PROBLEM DETAILS
Only the lines below from the one that contains "Not a single" through the one that contains "Hey, let's talk" should appear in your answer, exact and without pictures.

##### SUPPLIED MATERIAL

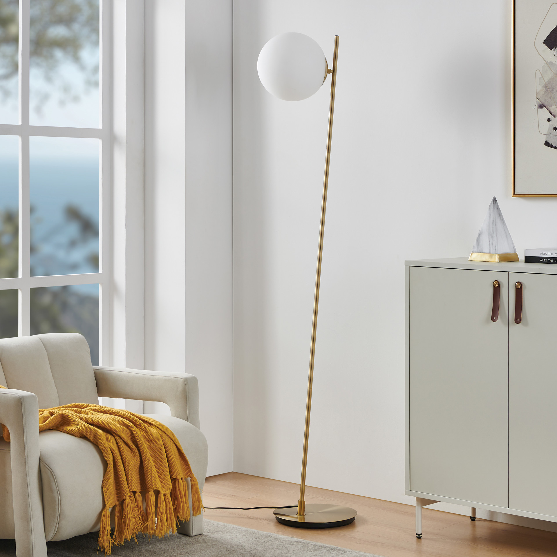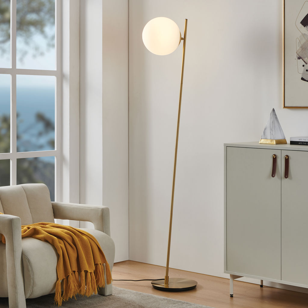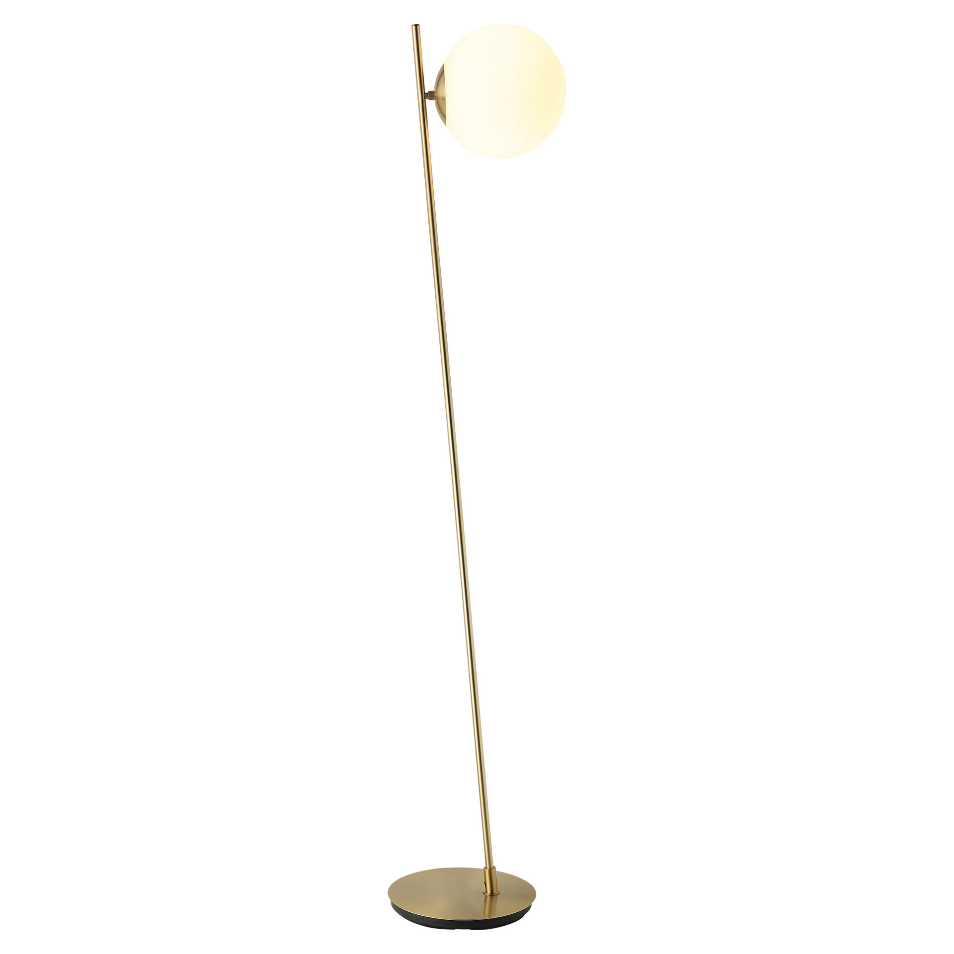 La lampe de plancher Rondo se compose d'une base ronde plate en métal doré avec une tige fixée à un angle dynamique et d'une boule de verre blanc.
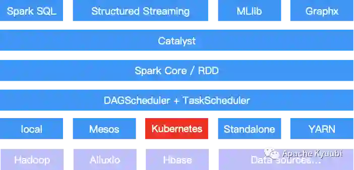 从 Spark 整体计算框架层面来看,只是在资源管理层面多支持了一种调度器,其他接口都可以完全复用。一方面 Kubernetes 的引入和 Spark Standalone、YARN、 Mesos 及 Local 等组件形成了一个更为丰富的资源管理体系。
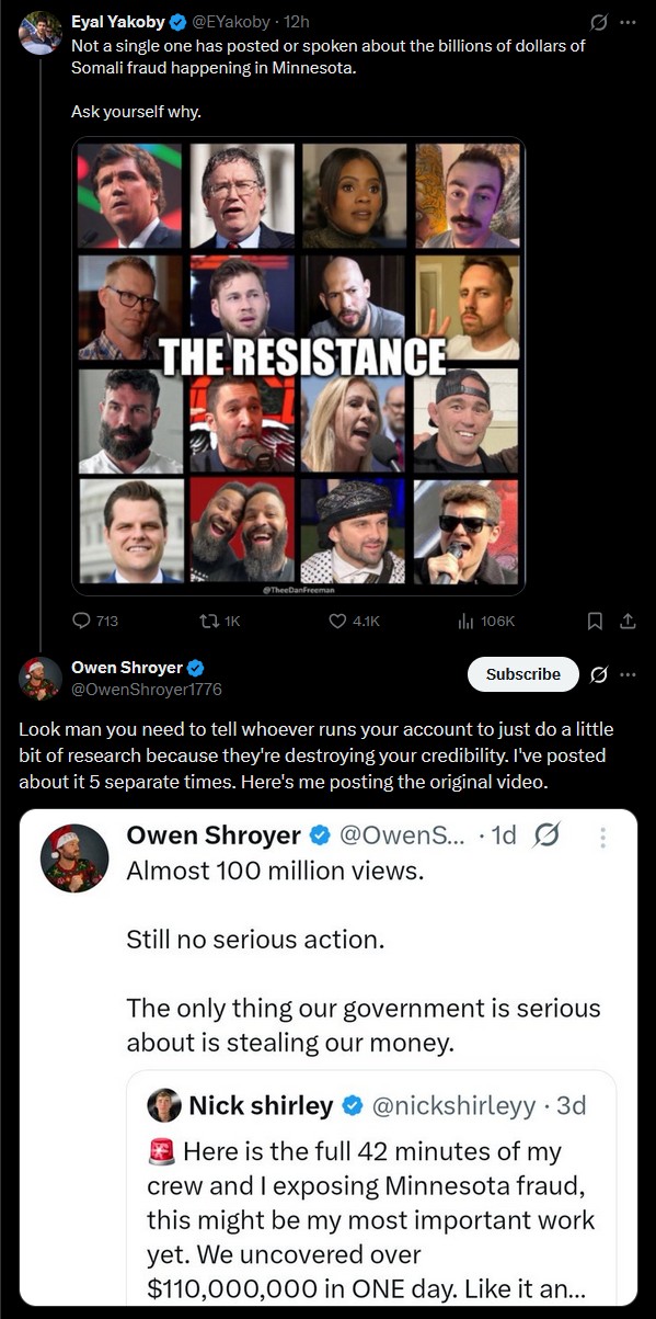Not a single one has posted or spoken about the billions of dollars of Somali fraud happening in Minnesota.Ask yourself why.
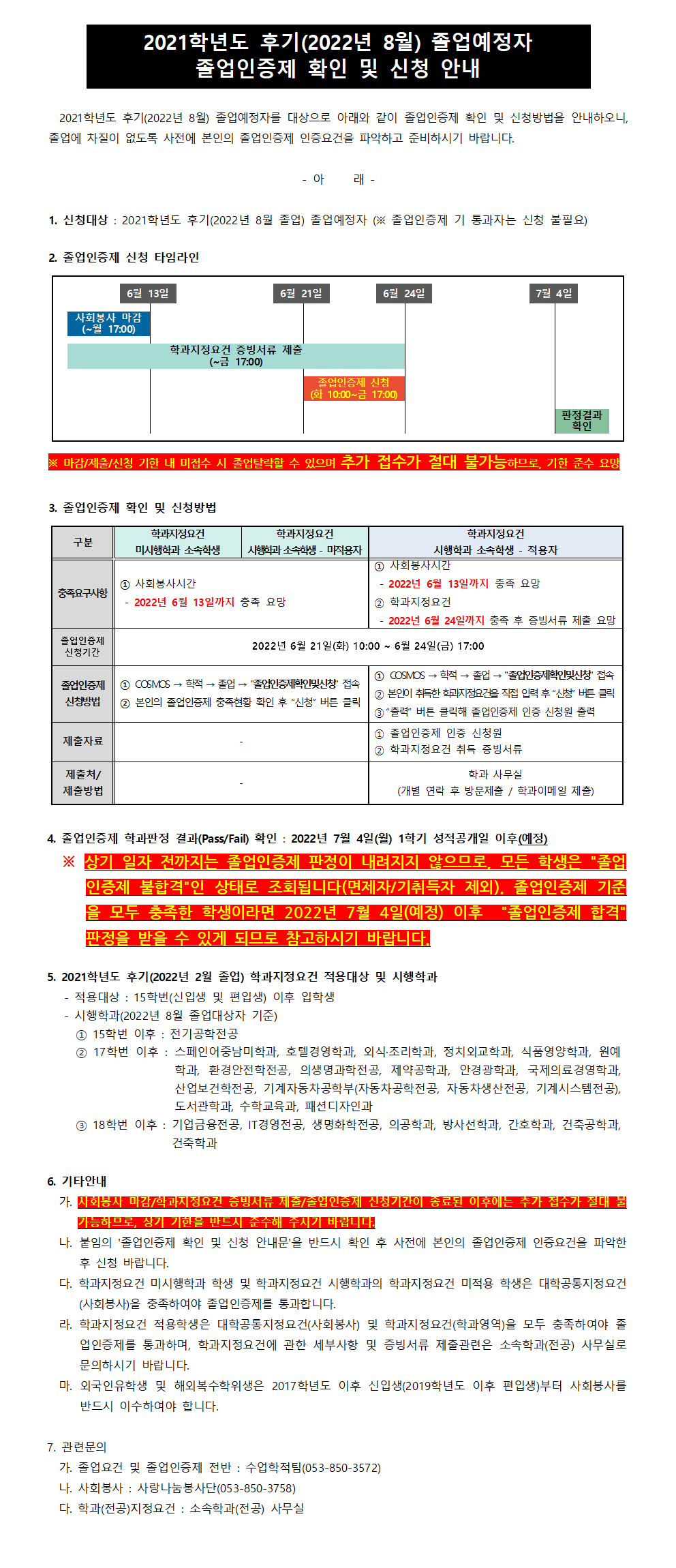 2021학년도 후기(2022년 8월) 졸업예정자 졸업인증제 확인및신청 안내
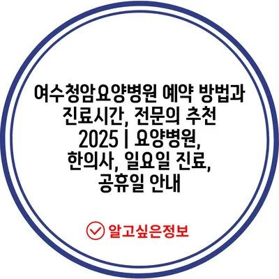 여수청암요양병원 예약 방법과 진료시간, 전문의 추천 2025 | 요양병원, 한의사, 일요일 진료, 공휴일 안내
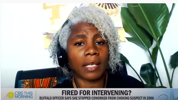 Hey, let's talk about a good cop for once! I know more than one tune. In 2006, Buffalo Police Officer Cariol Horne stopped fellow cop Gregory Kwiatkowski from choking a handcuffed Black man during an arrest. Here's how Horne, who is Black, described the scene at a domestic dispute inside the home of Neal Mack and his girlfriend.
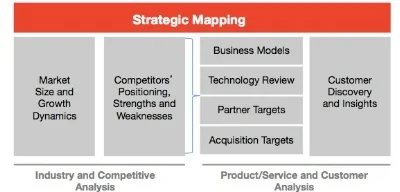 A market map is a structural representation of the market environment in which your product or service operates in. A well-constructed market map can be insightful, flexible, and will serve many strategic needs. It can be utilized to develop product and portfolio strategy, competitive strategy, identifying partnership and acquisition candidates, and providing feature level customer insights. In this example of a market opportunity map for Corporate Governance, there are two high-level tiers, Research & Advisory and Investment Tools and Data. As the map moves to the right, to Tiers 3 and 4 it gets more and more specific at the feature level.

##########

RESULT OF THIS TASK
Not a single one has posted or spoken about the billions of dollars of Somali fraud happening in Minnesota.Ask yourself why.
 2021학년도 후기(2022년 8월) 졸업예정자 졸업인증제 확인및신청 안내
 여수청암요양병원 예약 방법과 진료시간, 전문의 추천 2025 | 요양병원, 한의사, 일요일 진료, 공휴일 안내
 Hey, let's talk about a good cop for once! I know more than one tune. In 2006, Buffalo Police Officer Cariol Horne stopped fellow cop Gregory Kwiatkowski from choking a handcuffed Black man during an arrest. Here's how Horne, who is Black, described the scene at a domestic dispute inside the home of Neal Mack and his girlfriend.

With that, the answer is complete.